This pretty, seasonal soufflé may be served as a lunch dish, accompanied by a salad, or as the starter for a more elaborate meal. There are several steps involved: cooking and puréeing the pumpkin, making a béchamel, adding grated cheese, freshly grated nutmeg, salt, pepper and a little garlic, and finally blending in egg yolks and beaten egg whites.
You can use either fresh or frozen pumpkin to make the soufflé, and the purée may be made ahead of time. For the cheese, go for Comté, Gruyère or a similar hard cheese. And as for the nutmeg, do grate it yourself. The flavor is totally different than powdered nutmeg. If you don’t have a nutmeg grater, use the smallest holes of a four-sided grater.
It’s best to get all the ingredients ready before you get started, as well as the equipment — a 1-1/2 quart (litre) soufflé dish, a fine-mesh sieve, a blender, a wooden spoon, a wire whip and electric beaters. You will also need three bowls, small, medium and large.
Preparation time is about 40 minutes, followed by 40 minutes in the oven, and voilà — your lovely soufflé is ready. Serve straight out of the oven, accompanied by a bottle of red. The soufflé will serve two people as a lunch dish, and four as a starter.
1 pound (450 g) pumpkin, rind removed
2 tbsp. water
4 ounces (110 g) Comté, Gruyère or a similar cheese
1 clove garlic
1/2 cup (75 g) flour
4 tbsp. (60 g, 1/2 stick) unsalted butter, plus a little extra for buttering the mold
1 cup (25 cl) milk
1 tsp. salt
freshly grated nutmeg
freshly ground black pepper
If using fresh pumpkin, chop into large pieces and remove the rind, seeds and stringy pulp before weighing. Then chop into cubes.
Transfer the pumpkin, fresh or frozen, to a saucepan. Add the water, cover the pot and set over medium-high heat for about 20 minutes, until the pumpkin has softened.

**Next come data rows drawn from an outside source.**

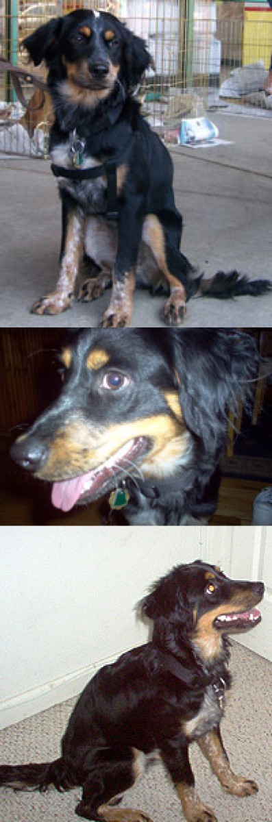 Baxter is a 7 mo. old spaniel/collie mix. Baxter is a happy, friendly dog. He is housetrained and loves to play. He enjoys wrestling and playing chase with the macho beagle in his foster home. He is learning to walk on a leash and has improved a lot. He barks when he's startled, but is getting quieter by the day -- just mellowing out in general and becoming a real sweet and friendly dog who knows how to be part of a family. He has nice markings, as you can see. Come meet him!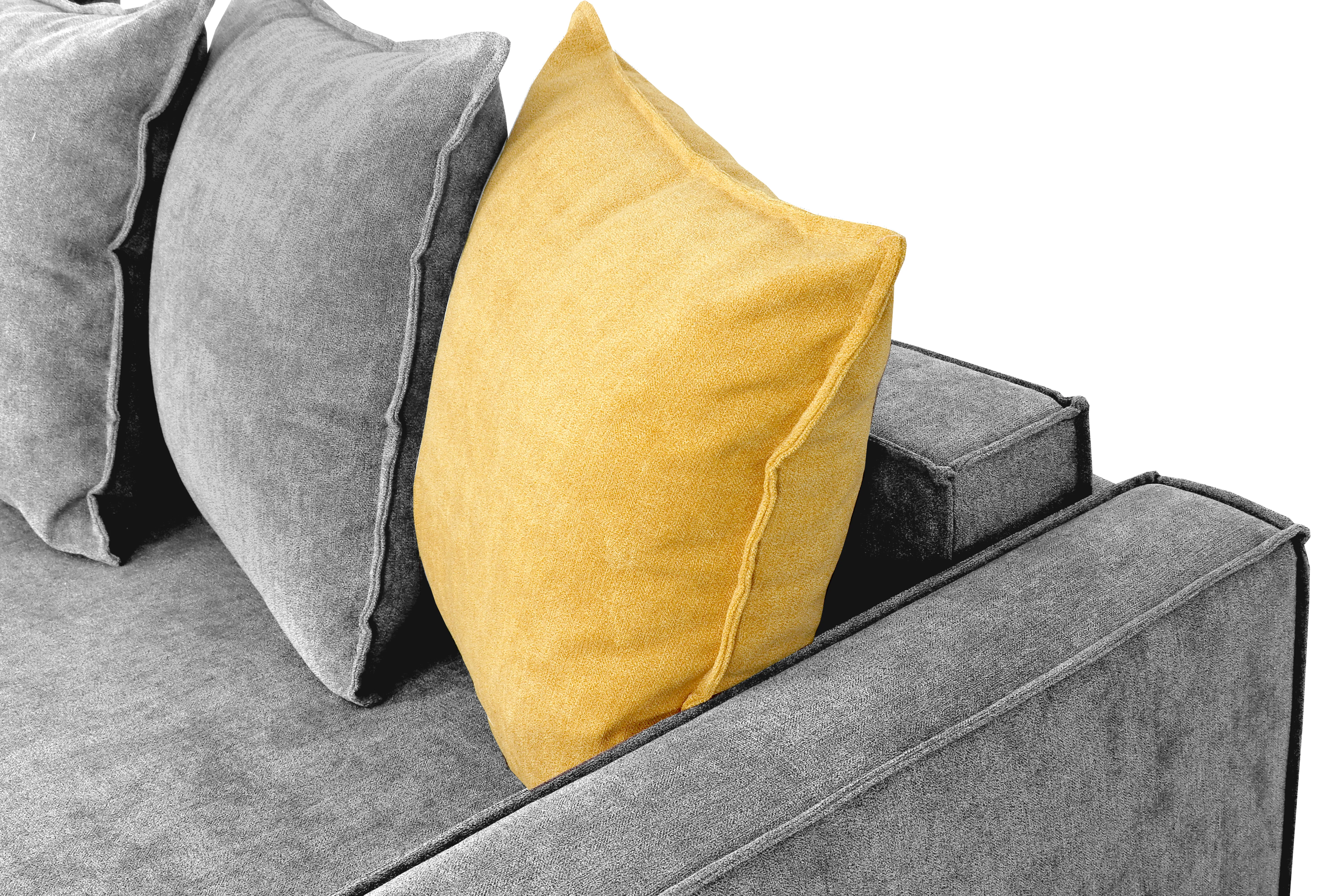 Велюровая ткань не только роскошно выглядит, но еще и практична в эксплуатации, а также имеет отличные показатели износоустойчивости. В комплект входят 5 подушек с современным наполнителем Сорель, что позволяет сохранить форму подушек максимально долго в любых условиях эксплуатации.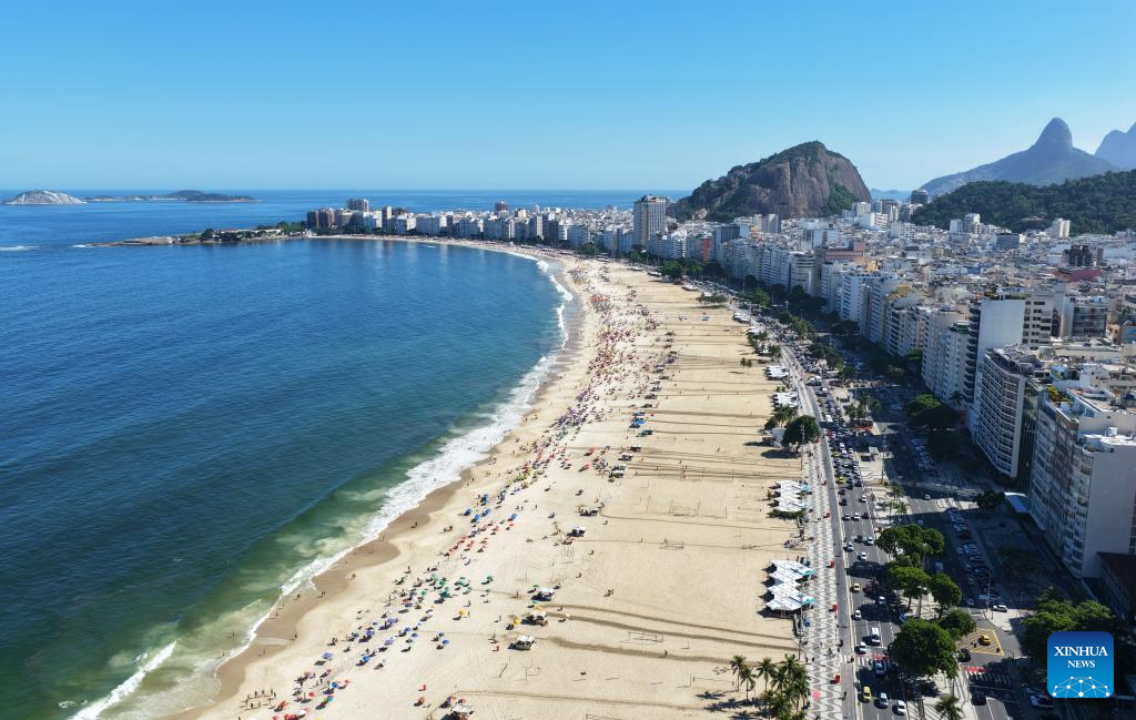Vista aérea tomada con un dron el 27 de marzo de 2026 de una vista de la playa de Copacabana, en Río de Janeiro, Brasil. Río de Janeiro es la segunda ciudad más grande de Brasil. (Xinhua/Jin Haoyuan)
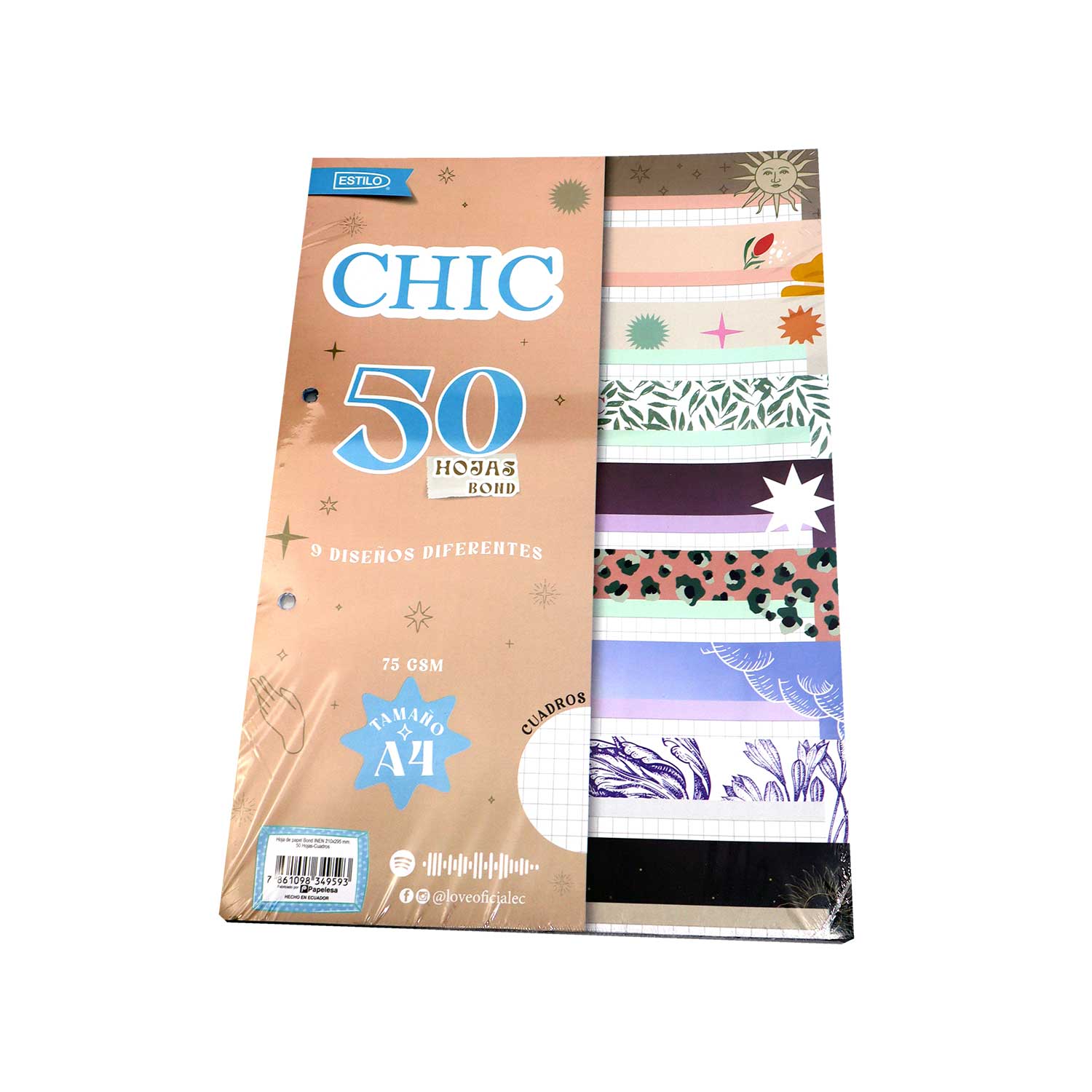 HOJA CHIC 60 GR A4 FUNDA DE 50 UNIDADES DISPONIBLE RAYADO 1 LINEA, 2 LINEAS, 4 LINEAS, CUADROS – CUADROS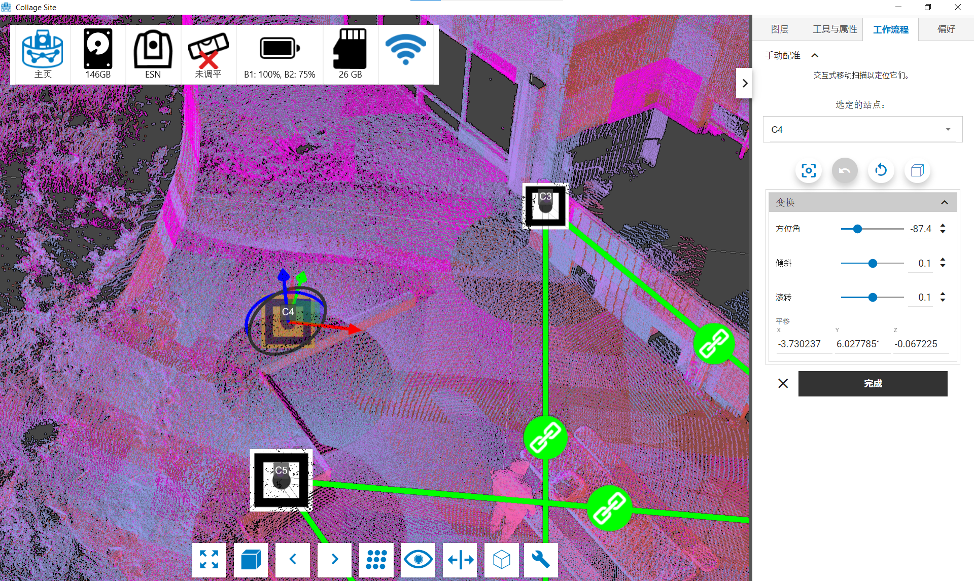一旦您对台站的大致对齐情况感到满意,就可以点击工作流程菜单中的完成按钮,保存您对项目中的台站、位置和方向应用的转换。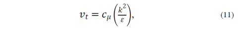 Turbulent eddy viscosity is then calculated when k and ε have been solved with the Prandtl-Kolmogorov expression [17].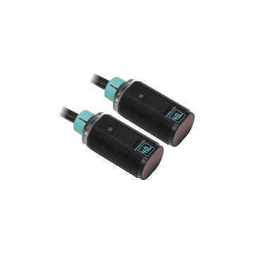 | Thru-beam sensor, M18 threaded housing design, plastic housing, front optical face, 20 m detection range, red light, light on, DC version, NPN output, fixed cable with M12 plug |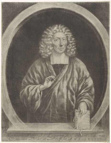 Editor: Here we have Caspar Netscher's "Portrait of Johan de Witt," created between 1642 and 1684. It's an engraving, a print. It strikes me as a very formal, stately portrait, almost as if de Witt is consciously projecting an image of power. What do you see in this piece? Curator: It’s more than just a stately portrait; it’s a deliberate construction of power, yes, but let’s consider the historical context. De Witt was a hugely influential figure during the Dutch Golden Age, but his political trajectory and ultimate demise were steeped in factionalism. How does Netscher’s portrayal engage with these competing narratives about de Witt's role? Editor: That's interesting. I hadn't thought about the factionalism. So the way he’s posed, the clothing… it’s all carefully chosen to project a specific idea of who he was? Curator: Precisely. The opulent robe, the setting…they all reinforce an image of authority and sophistication. But, knowing that this image was made and circulated during a time of intense political conflict, it begs the question: who was this image *for*? Was it an attempt to consolidate power, or perhaps a form of posthumous rehabilitation after his grisly assassination? Editor: So, the portrait becomes less about capturing his likeness and more about controlling his image and legacy. Curator: Exactly! And how that legacy continues to impact interpretations of Dutch identity and power dynamics even today. Who gets remembered and how? Who controls that narrative? Editor: This makes me realize that portraits can be really powerful forms of political statements. I never thought of them that way before! Curator: And now you can consider art through that lens. That’s the first step in unpacking how historical events are seen through a work of art.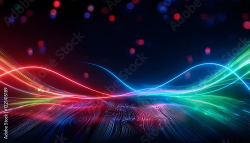 Neon Wave abstract background, Isolated on a dark background, colorful Neon wave with glow, Technology, network, internet concept, Copyspace with empty table
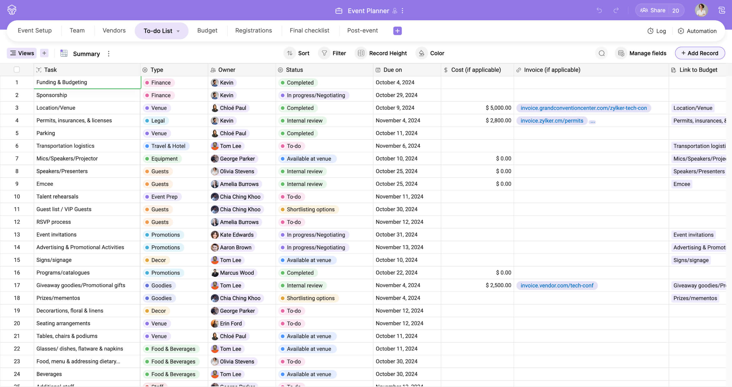 Whether you’re a professional or new to event planning, the event planner template by Zoho Tables will give you a head start.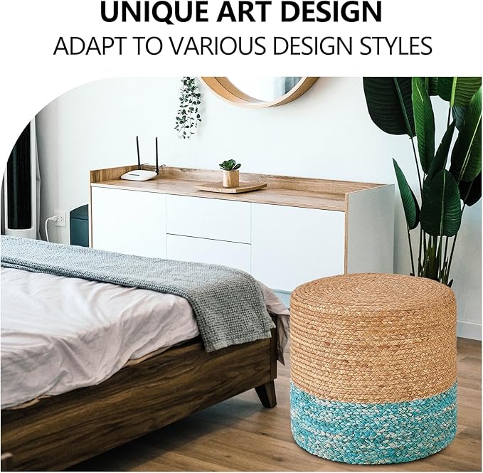 - 100% Handmade Cover: Pouf Ottoman is made of sustainable, and durable natural seaweed & corn husk braid.High-end sewing technology makes natural materials more tight and not easy to open
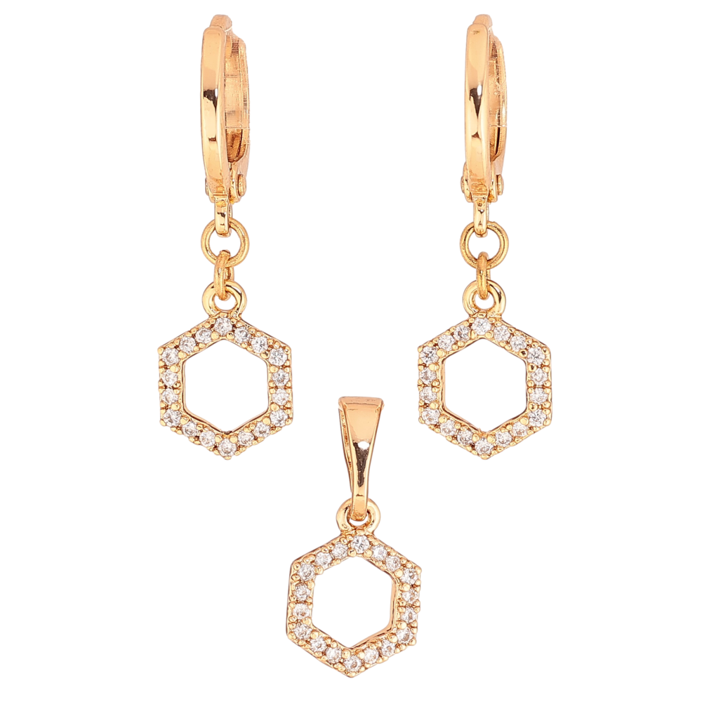 Набір Xuping колір Позолота 18K сережки кулон "Шестикутники з кристалами" ø 8мм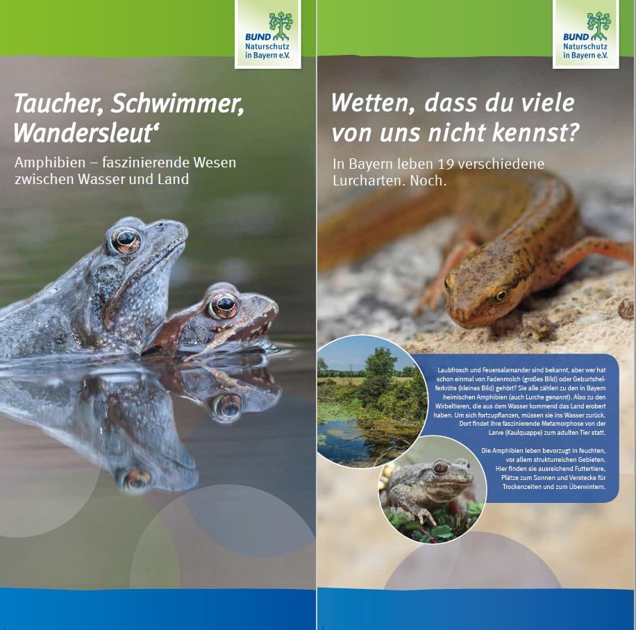 Die Ausstellung Amphibien zeigt in 12 Rollups die faszinierenden Wesen zwischen Wasser und Land wie Laubfrosch und Feuersalamander, Fadenmolch und Geburtshelferkröte. Die Amphibien leben bevorzugt in feuchten, vor allem strukturreichen Gebieten. Hier finden sie ausreichend Futtertiere, Plätze zum Sonnen und Verstecke für Trockenzeiten und zum Überwintern. Aber Umwelteinflüsse, Straßenverkehr & Co. bedrohen die Amphibien, deren Rettung der seit Jahrzehnten ein zentrales Anliegen des BUND Naturschutz ist.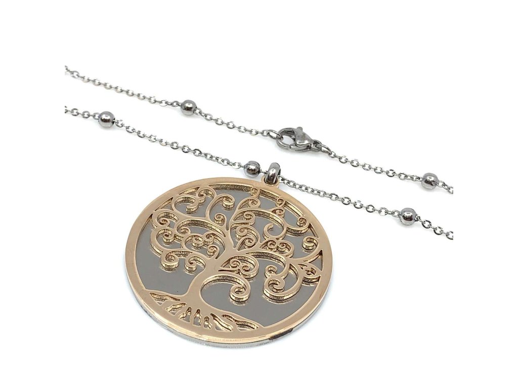 Nádherný řetízek s přívěskem z oceli (316L) potěší i náročnou ženu. Řetízek je typu anker , zdobený kuličkami v delším provedení s přívěsem s motivem stromu života, který je zdobený zlacením.Doplňkové parametry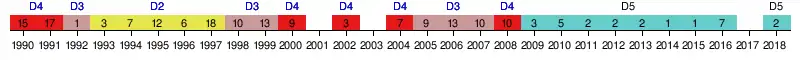 | 2015[13] | 2e | 19 | 10 | 6 | 1 | 3 | 20 | 15 | +5 | ||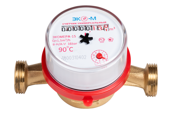 Счетчик для воды СГВ-15 антимагнитный с обратным клапаном (монт.длина 110 мм, с монт.ком) ЭКОМЕРА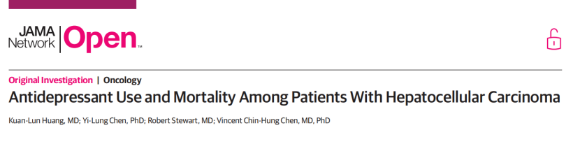 常用抗抑郁药物具有潜在的抗癌作用。一些临床前和流行病学研究报告了三环类抗抑郁药(TCA)、选择性血清素再摄取抑制剂(SSRI)、血清素-去甲肾上腺素再摄取抑制剂(SNRI)等药物在HCC中的潜在治疗效果,但是这些药物与HCC预后的关联尚未得到评估。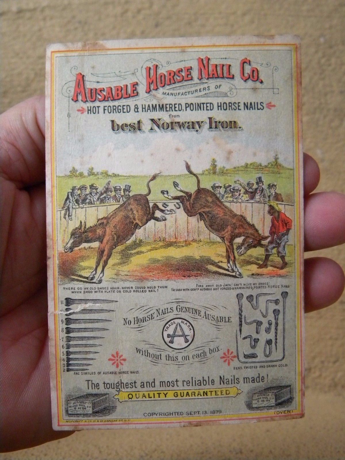 Title (ebay affiliate link): Providence R.I. - AUSABLE HORSE NAIL CO. Scarce VICTORIAN TRADE CARD # 69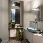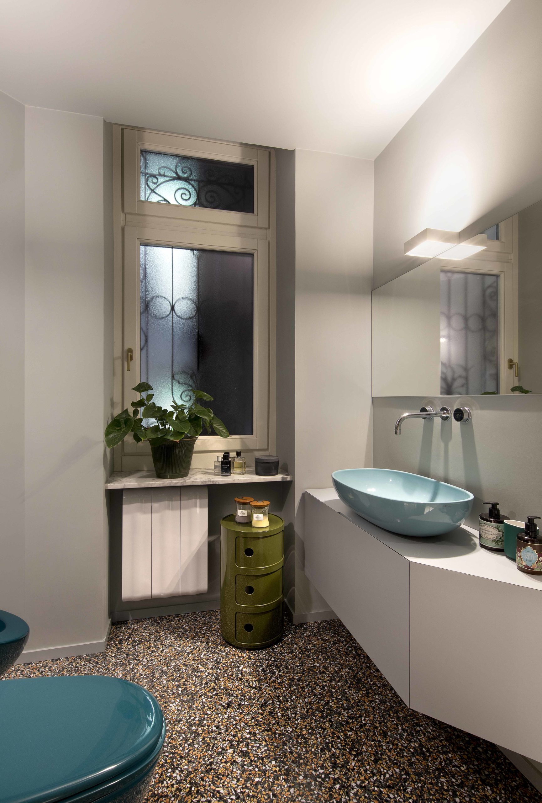 Per i bagni si è scelto di giocare sul colore, andando ad inserire sanitari dai colori vivaci (verdi/ grigio/ senape) a cui si abbinano i mobili lavabo progettati e realizzati, anch’essi, su misura nei toni che nel caso del bagno padronale, riprendono quelli di soffitti e pareti.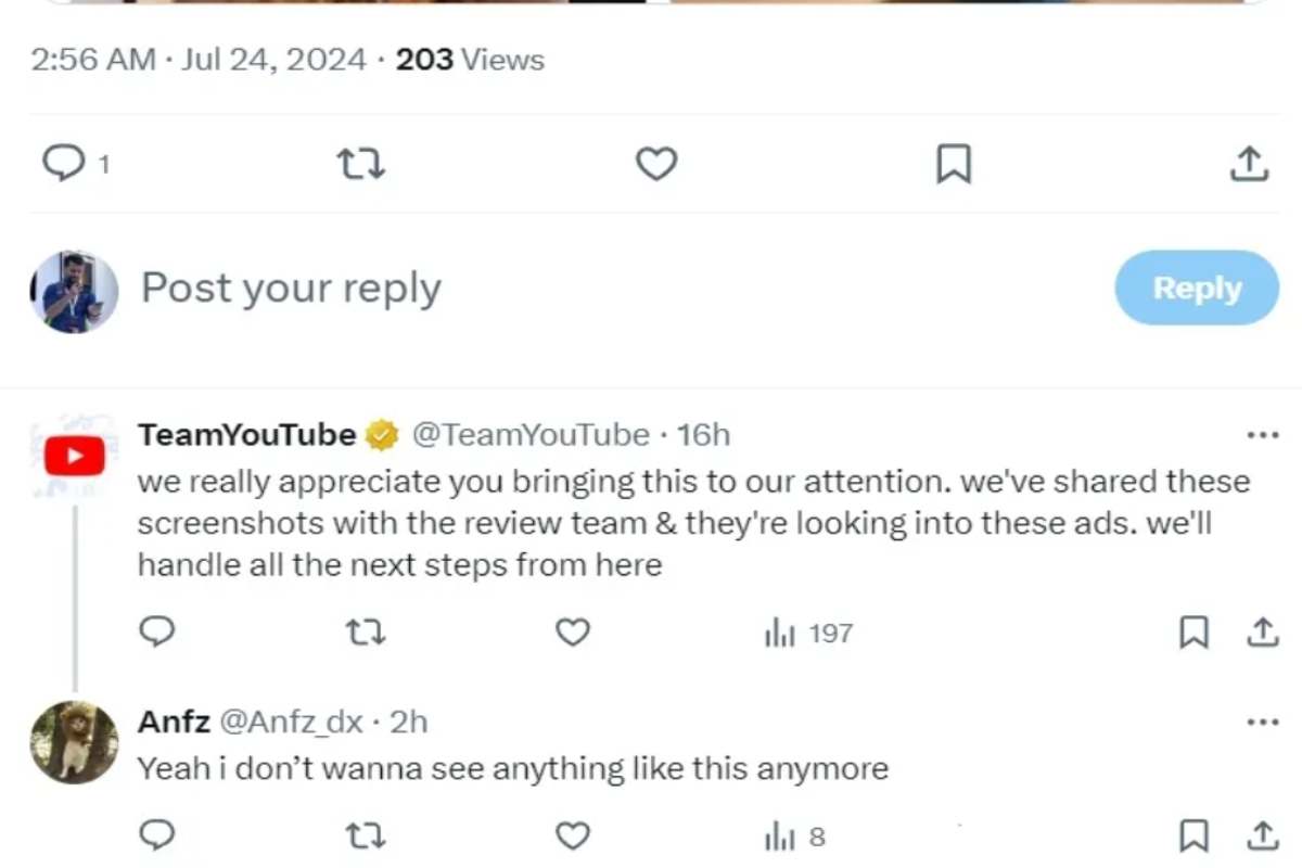 Un tipo di pubblicità che ovviamente sta creando momento di imbarazzo in famiglia o sul posto di lavoro, mentre si guarda qualcosa in presenza di altri. Youtube e Google ovviamente sono a conoscenza del problema e, come si vede, starebbero già lavorando per cercare una soluzione.

Turn the pumpkin into a fine-mesh sieve and press down with the back of a spoon to remove the excess liquid. Leave to drain for a few minutes, then purée in a blender.
Grate the cheese. Peel and halve the garlic.
Separate the eggs — yolks in a small bowl, whites in a medium bowl.
Butter a 1-1/2 quart (1-1/2 liter) soufflé mold.
Preheat the oven to gas mark 7 (400 F, 210 C).
Now you will make a thick béchamel sauce. Melt the butter over medium heat in a heavy-bottomed saucepan. When it bubbles, add the flour. Stir with a wooden spoon for about a minute to allow the flour to cook.
Add the milk and whisk until the mixture thickens. This happens very quickly.
Add the grated cheese and, using your wooden spoon, stir until melted. Add the pumpkin and stir to blend thoroughly. Turn off the heat.
Stir in the yolks. Add the salt, grate some nutmeg over the pot and grind on some black pepper. Stir. Transfer the pumpkin mixture to a large bowl. Insert the garlic halves, leaving the ends visible for easy removal.
Now beat the egg whites until stiff.
Remove the garlic from the pumpkin mixture. Stir in 1/3 of the the egg whites to lighten the mixture. Now gently fold in the rest of the whites, lifting the mixture from the bottom of the bowl to the top until all the whites are incorporated with no more lumps.
Pour the mixture into your soufflé mold and set in the oven. Bake for five minutes, then turn down the heat to gas mark 6 (350 F, 180 C) and bake for 35 minutes more, or until the soufflé has risen above the rim of the mold and the top is a deep golden brown. You can test for doneness by inserting a toothpick, but be quick or the soufflé might fall.
Serve straight out of the oven. Serves 2 as a lunch dish, 4 as a light starter.